The Al Jazeera biography for the journalist calls him “a Gaza based reporter and photojournalist. He often reports from the ongoing ‘March of Return’ protests at the fence separating besieged Gaza from Israel”.

The Palestine Chronicle describes itself as a “non-profit organisation whose mission is to educate the general public by providing a forum that strives to highlight issues of relevance to human rights”.

The Hamas journalist was filing stories about Israel’s war in Gaza while the hostages were held in his home.

Among the articles were, “Resistance our only option – Palestinians react to news of Israeli soldiers captured in Jabaliya”, “31 Martyrs in a single Israeli strike – Voices from the Gaza Genocide” and “Testimonies from ‘Camp 2’ massacre in Nuseirat”.

On Sunday, a ban on Al Jazeera’s operations in Israel was extended for another 45 days by the country’s telecoms regulator after the cabinet agreed its broadcasts pose a threat to security.

Israeli authorities raided a Jerusalem hotel room used by Al Jazeera as its office on May 5 and said they were shutting the operation down for the duration of the Gaza war.

Shlomo Karhi, Israel’s communications minister, said: “We will not allow the terrorist channel Al Jazeera to broadcast from Israel and endanger our fighters. In light of the seriousness of the damage to the security of the state I am convinced that the closure orders will be extended in the future as well.”

‘I screamed his name’

On Sunday, it emerged that the father of rescued Mr Jan “died of grief” just hours before his son returned home, his family has said.

Yossi Meir, 59, died of a heart attack before the news broke that the IDF had freed his son in the raid.

The army were unable to contact Mr Meir to tell him the news and reached out to his sister Dina Jan instead. Ms Jan, who said she “was so happy I didn’t know what to do”, rushed to Mr Meir’s home in Kfar Saba, in the south of Israel.

She found her brother had died, after months of agonising waiting.

Ms Jan told Israel’s Kan News: “I drove like crazy, I knocked, ‘Yossi, Yossi, Yossi’, and nothing. I got no answer. The door of his house was open and I saw him sleeping in the living room.

“I screamed ‘Yossi’ to him and he didn’t answer me. I saw the colour of his skin, I touched him, but he was dead.”

Mr Meir had lost 20 kilograms since the capture, “glued to the television for the whole eight months, clinging to every piece of information”, Ms Jan said. She added: “My brother died of grief and didn’t get to see his son return.”

It is believed Mr Meir died on Friday night. “We are very happy about Almog’s return, but the brain is unable to absorb that this is the end. We are broken,” Ms Jan said.

A complex rescue operation

The IDF said the operation to rescue Mr Jan was one of its most complex ever, with two separate rescues of four captives in broad daylight.

They said troops came under heavy gunfire from hundreds of Hamas forces during the operation, which brought together elite Israeli units in an undercover mission across air, land and sea.

One of the troops, Amon Zamora, from Israel’s Yamam counter-terror unit, was fatally injured.

The Hamas-run Gazan health authorities said 274 people had been killed in the Israeli raid.

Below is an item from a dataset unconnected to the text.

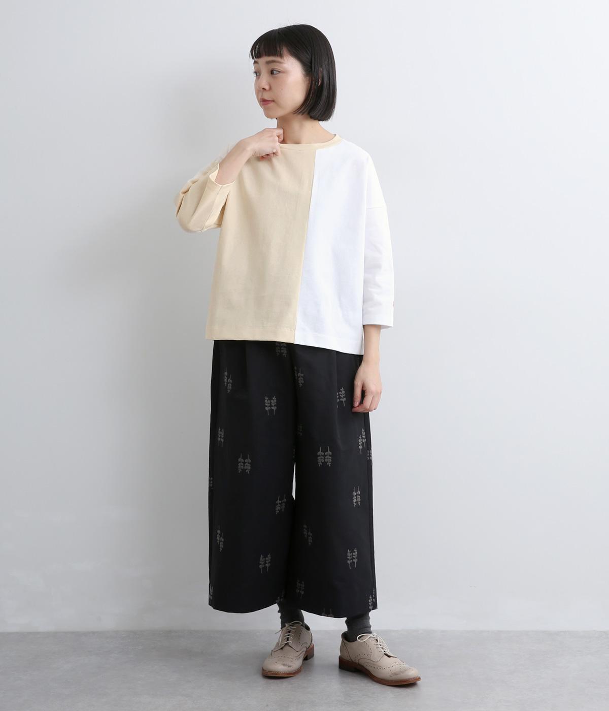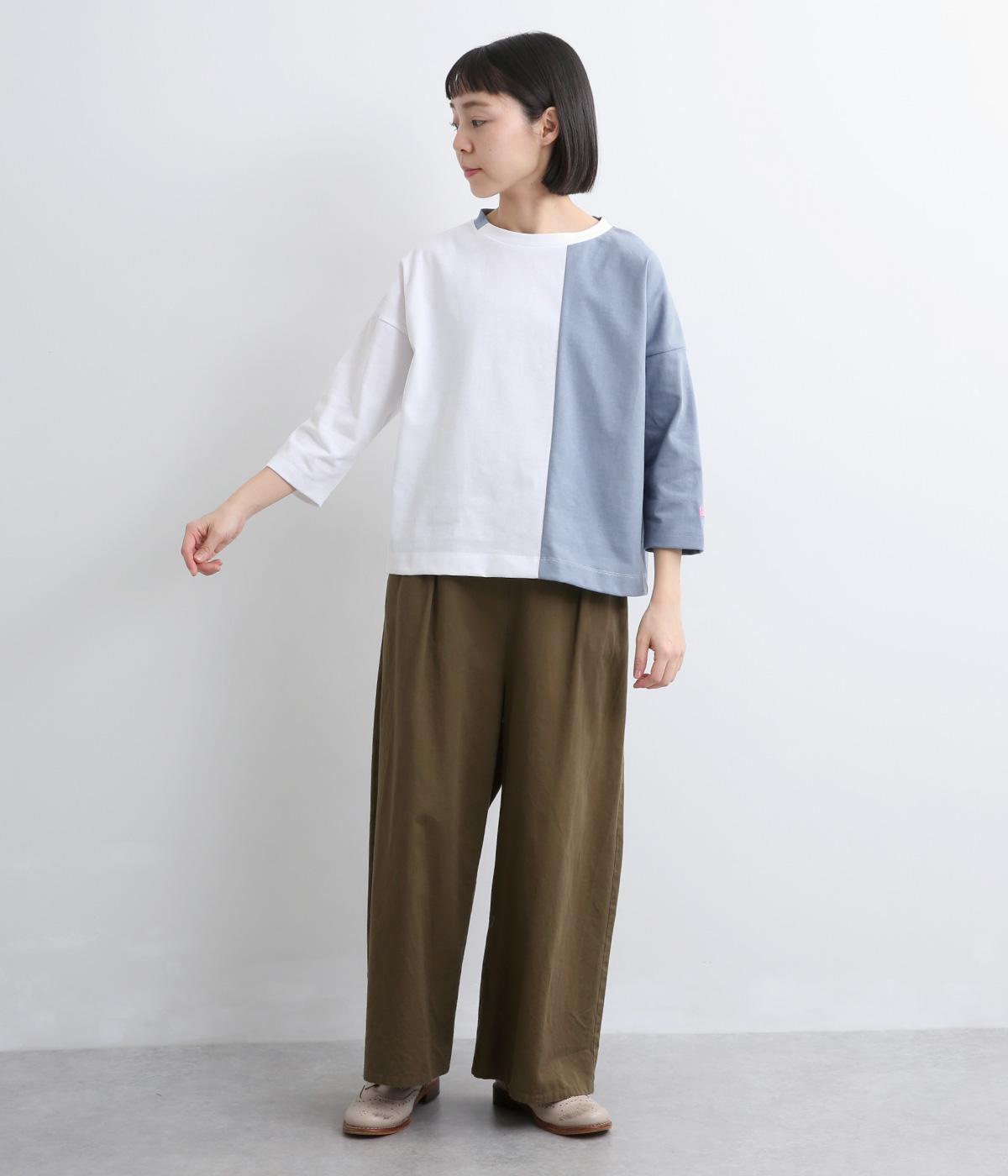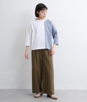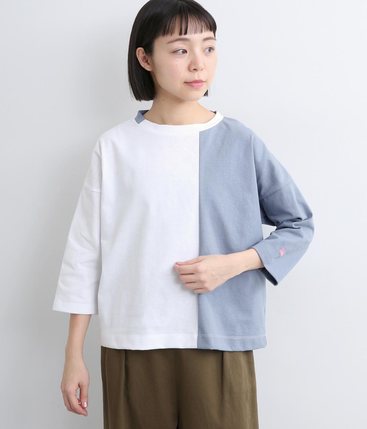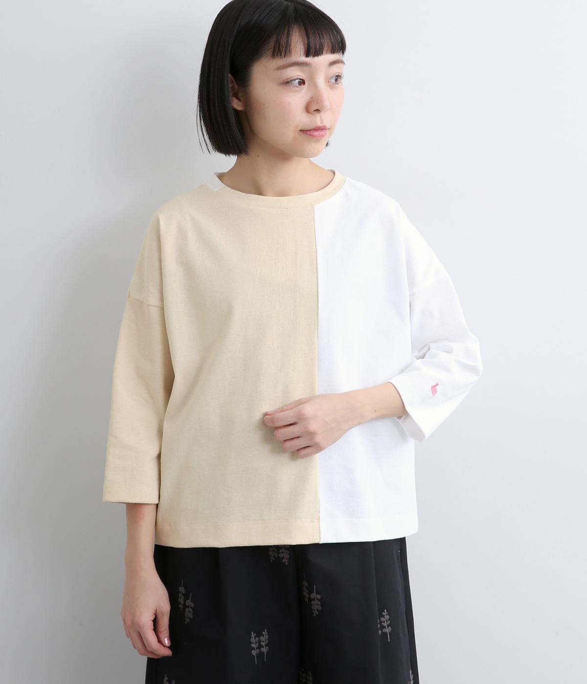 左右で色を切り替えた、縦割りバイカラーが特徴の七分袖トップスです。国産生地の上質な風合いと、洗練された配色が調和し、一枚で着てもサマになります。ゆとりのある身幅に対し、やや細めの袖ですっきりとした印象に。左袖のスワン刺しゅうが、シンプルさのなかにやさしいアクセントをプラスします。

Noa Argamani was rescued simultaneously from a second apartment in the heavily populated civilian area.

Ms Argamani’s capture by Hamas on Oct 7 came to define that brutal massacre after footage of her screaming as she was driven on a motorbike into Gaza was broadcast around the globe. On Saturday, she was reunited with her mother, who is terminally ill with brain cancer.

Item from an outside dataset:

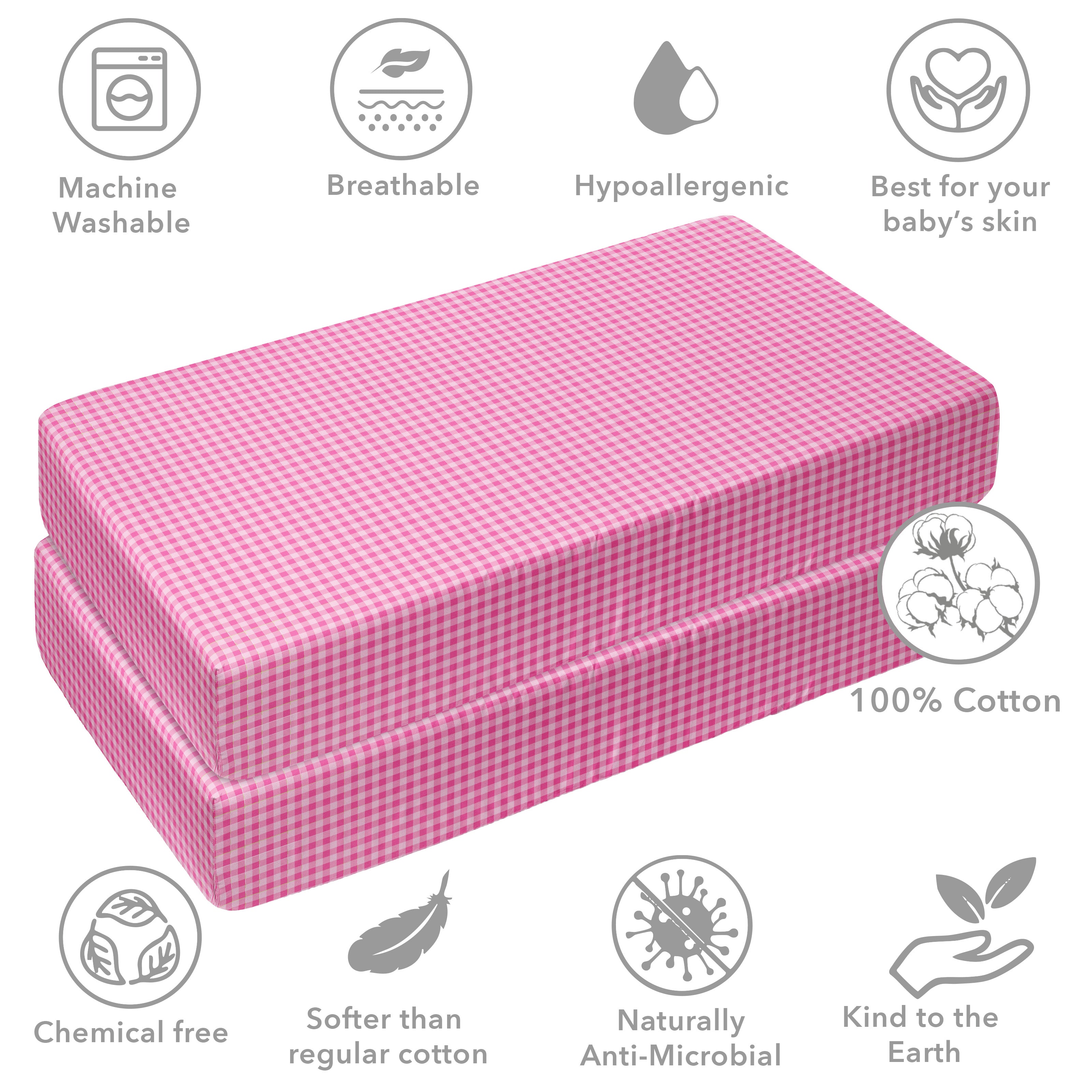 • 100% Premium Cotton Percale: Crafted from high-quality, breathable cotton, providing a smooth, crisp feel that’s gentle on your baby’s delicate skin.
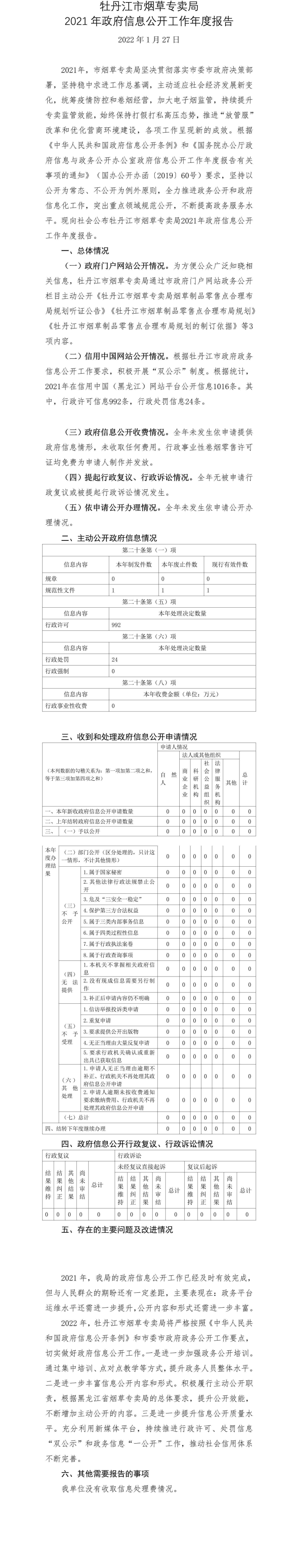 牡丹江市煙草專賣局2021年政府信息公開工作年度報告

All four hostages had been taken by Hamas from the SuperNova music festival, where hundreds of partygoers were slaughtered.

Mr Kozolov, a Russian-Israeli hostage, was greeted on Sunday by his parents, who flew from Russia for a reunion at Sheba Medical Centre.

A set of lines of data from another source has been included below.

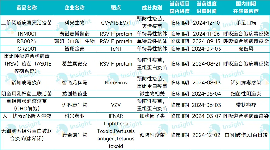 感染性疾病领域有 10 款药物进入 Ⅲ 期,其中包括 5 款疫苗、3 款单抗,来自科兴生物、泰诺麦博、瑞阳(山东)生物、智翔金泰、GSK、迈科康生物、康希诺生物等公司,研究适应症涉及呼吸道合胞病毒(RSV)感染、手足口病、破伤风、诺如病毒感染等等。
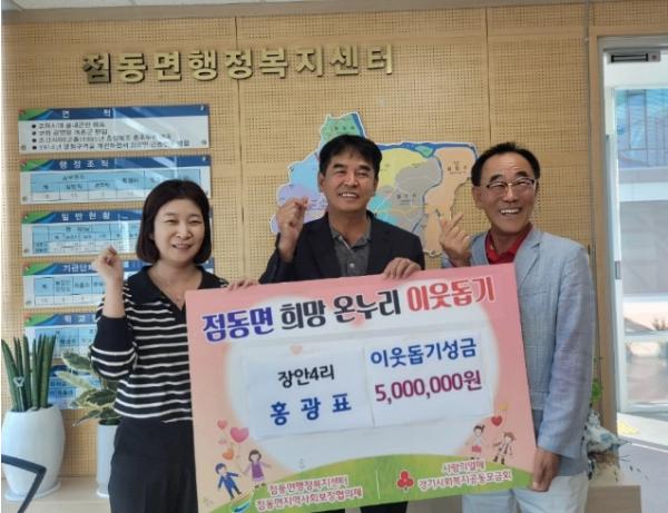 지난 10일 점동면 장안4리 홍광표(남양 엔지니어링 대표)는 관내 어려운 이웃을 위해 이웃돕기 성금 500만원을 기탁했다.
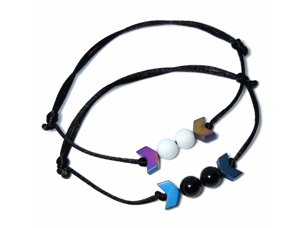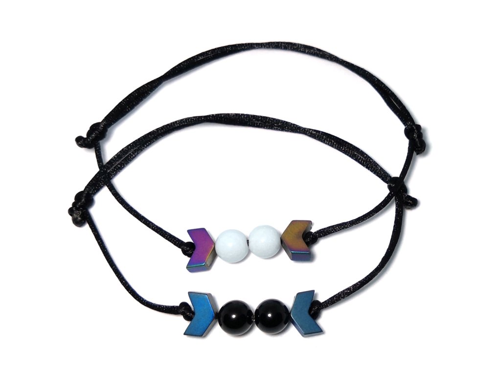 Náramky pro páry - šipky z hematitu, jadeit a achát

Mr Kozolov’s mother said: “I am the happiest I’ve ever been. We talked to Andrey, he looks and feels fine, he is even joking around.”

Including the four hostages recovered on Saturday, a total of seven have been rescued alive by the IDF. Another 19 bodies have been brought back to Israel and the IDF has now confirmed the deaths of 41 of the remaining 116 hostages still in Gaza.